Only the lines from the top of the listing below to the line that has "为深入贯彻学习《信阳师范学院" should be echoed, with both ends kept and pictures left out.
====================
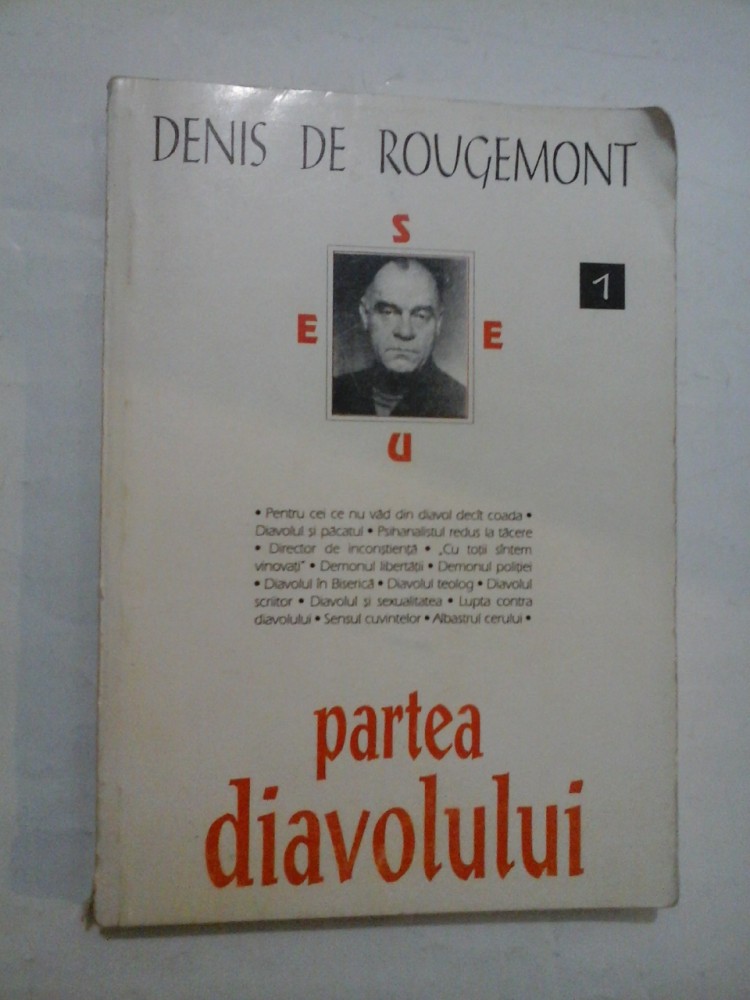 PARTEA DIAVOLULUI - autor DENIS DE ROUGEMONT - Editura Anastasia 1994 - 213 pagini - cateva pagini usor subliniate cu creionul
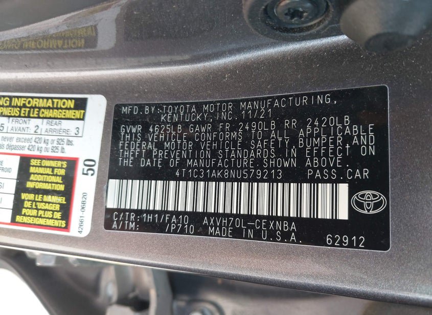 - VIN: 4T1C31AK8NU579213
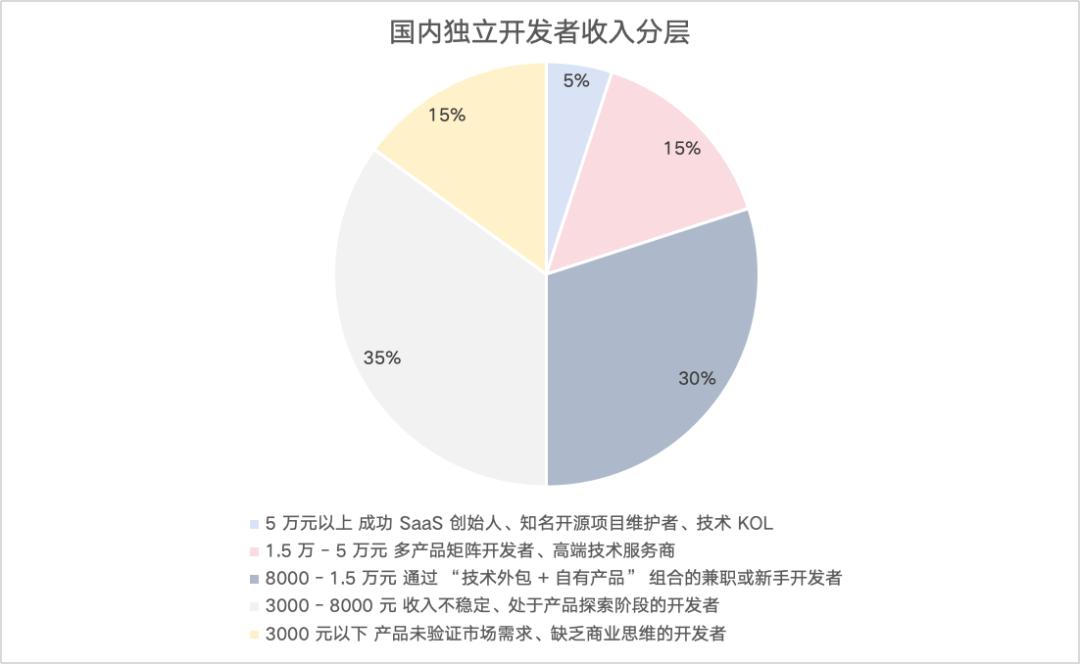 这组数据揭示了一个事实:仅约20% 的独立开发者能达到或超过一线城市相对稳定的薪资水平,而超过半数的开发者仍在温饱与波动中徘徊。
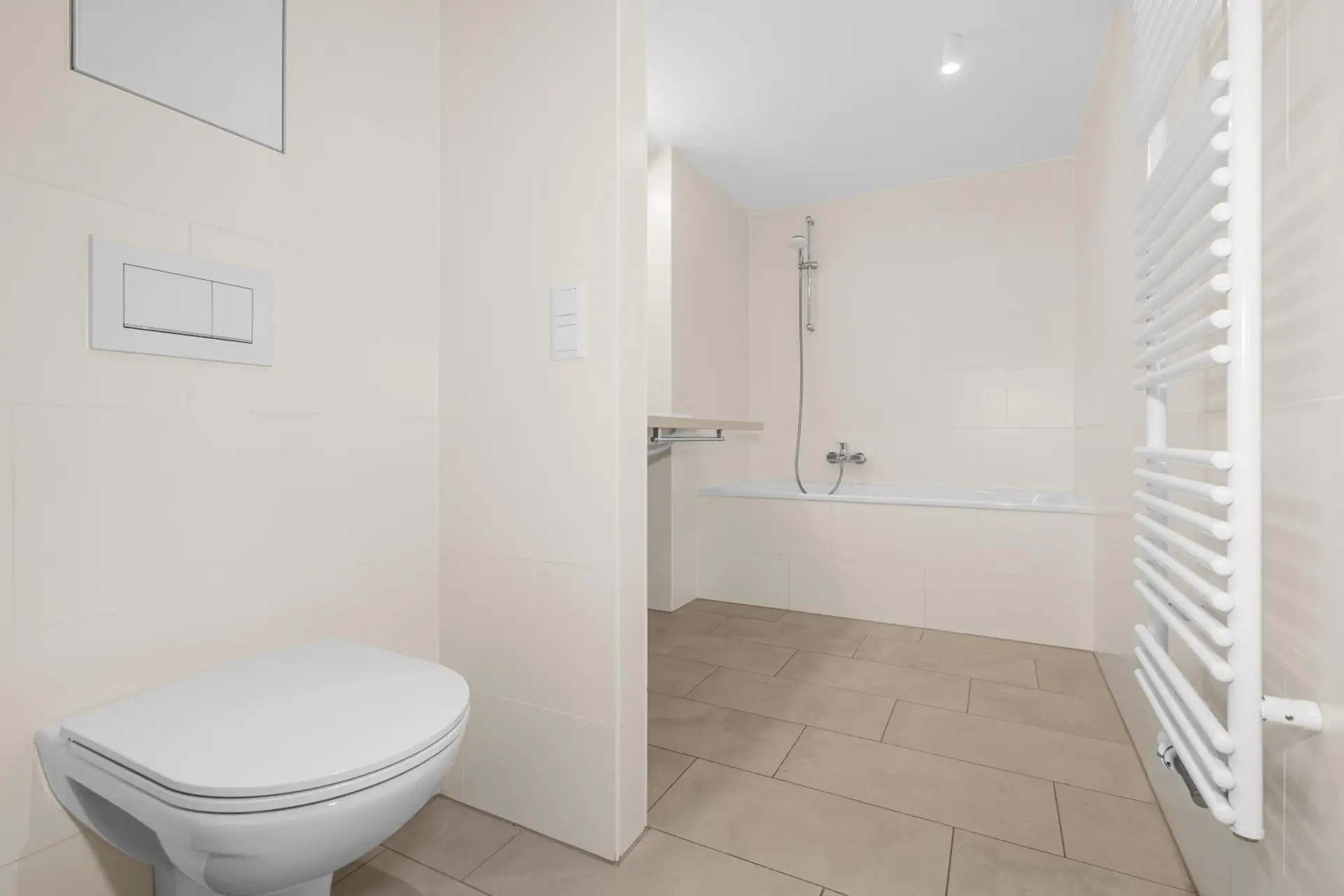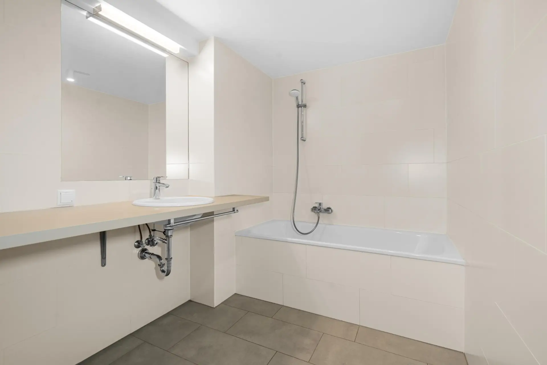 - Modern verfliestes Badezimmer mit Waschmaschinenanschluss
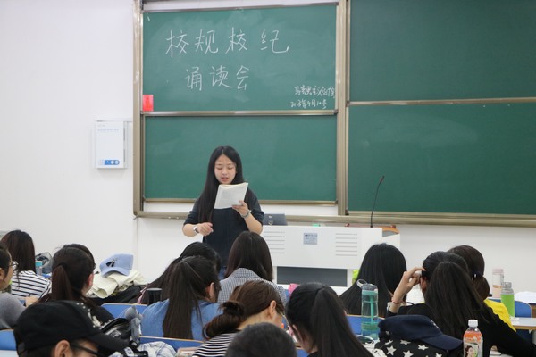 为深入贯彻学习《信阳师范学院学生管理相关规定》文件的精神,4月10日,pp电子官网2015级、2016级全体学生在社科楼514、515教室举行校规校纪诵读学习活动。
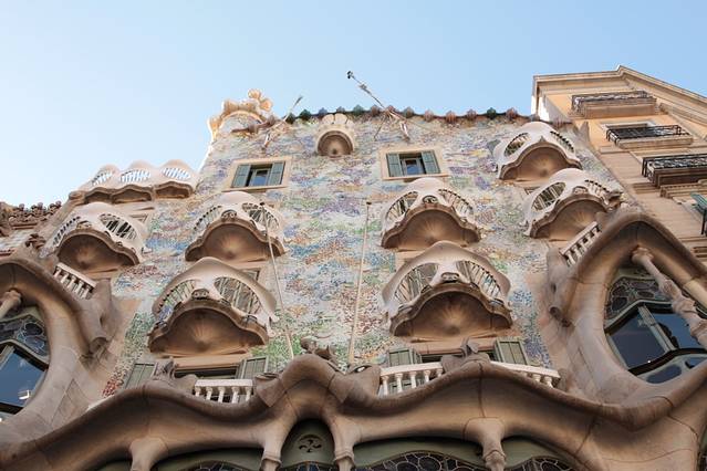 离米拉之家不远处,又有高迪的另一作品,巴特罗之家,外墙装贴着彩色的马赛克,屋顶的样子酷似龙鳞,处处充满了魔幻色彩。呈现在我们眼前的却是带有魔幻色彩的公寓。构思独特的凉台就像一个个面具。对高迪建筑的突出印象是它的雕塑性,铁艺的凉台、石头的窗框、膝盖骨一样支撑的柱子,都像是被高迪灵巧的双手,跟捏泥巴似地捏出来的。
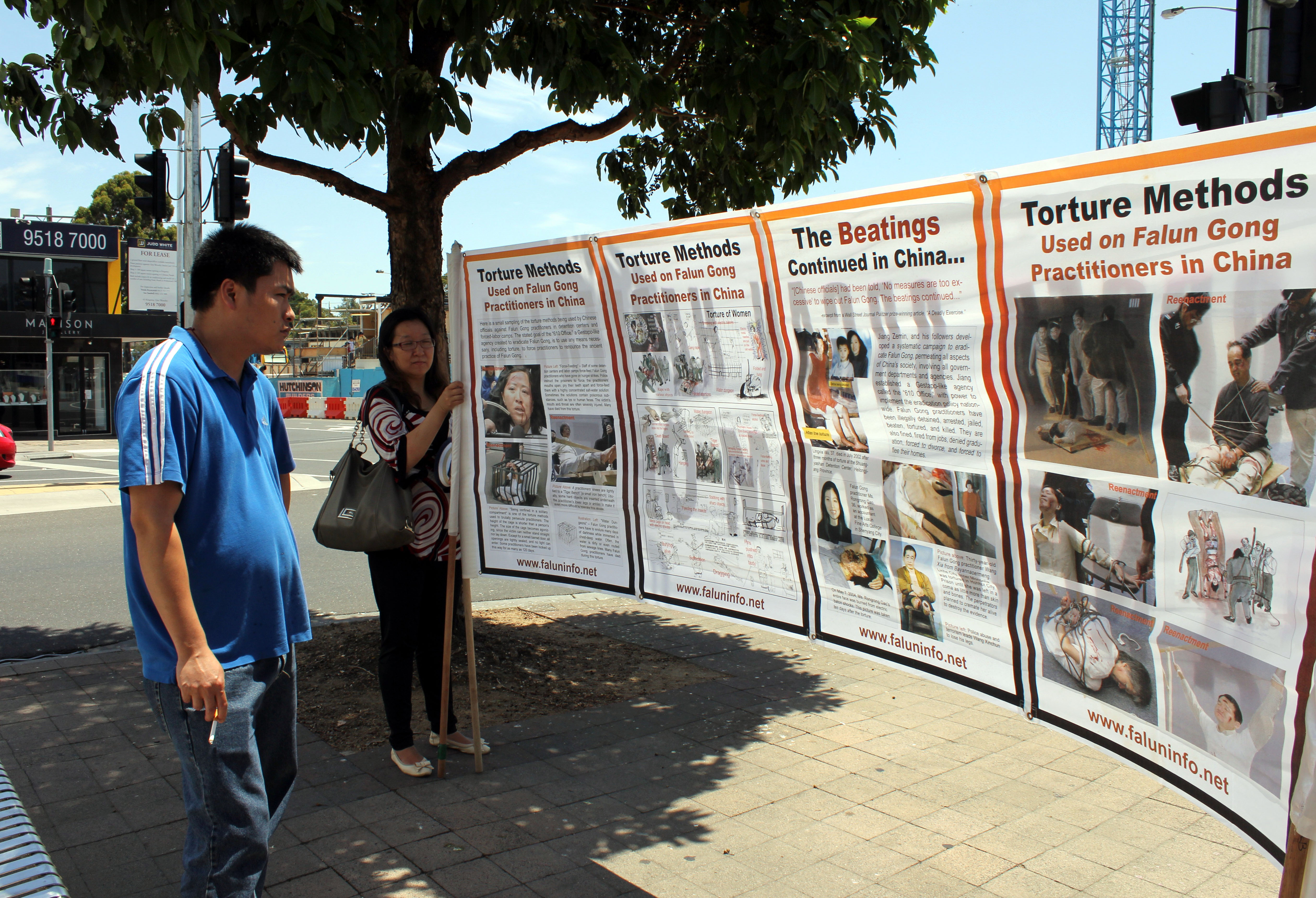 法轮功学员在墨尔本格兰韦弗利区购物中心的主要干道旁,呼吁民众关注并制止中共暴行。
====================
Result of this task:
 PARTEA DIAVOLULUI - autor DENIS DE ROUGEMONT - Editura Anastasia 1994 - 213 pagini - cateva pagini usor subliniate cu creionul
 - VIN: 4T1C31AK8NU579213
 这组数据揭示了一个事实:仅约20% 的独立开发者能达到或超过一线城市相对稳定的薪资水平,而超过半数的开发者仍在温饱与波动中徘徊。
 - Modern verfliestes Badezimmer mit Waschmaschinenanschluss
 为深入贯彻学习《信阳师范学院学生管理相关规定》文件的精神,4月10日,pp电子官网2015级、2016级全体学生在社科楼514、515教室举行校规校纪诵读学习活动。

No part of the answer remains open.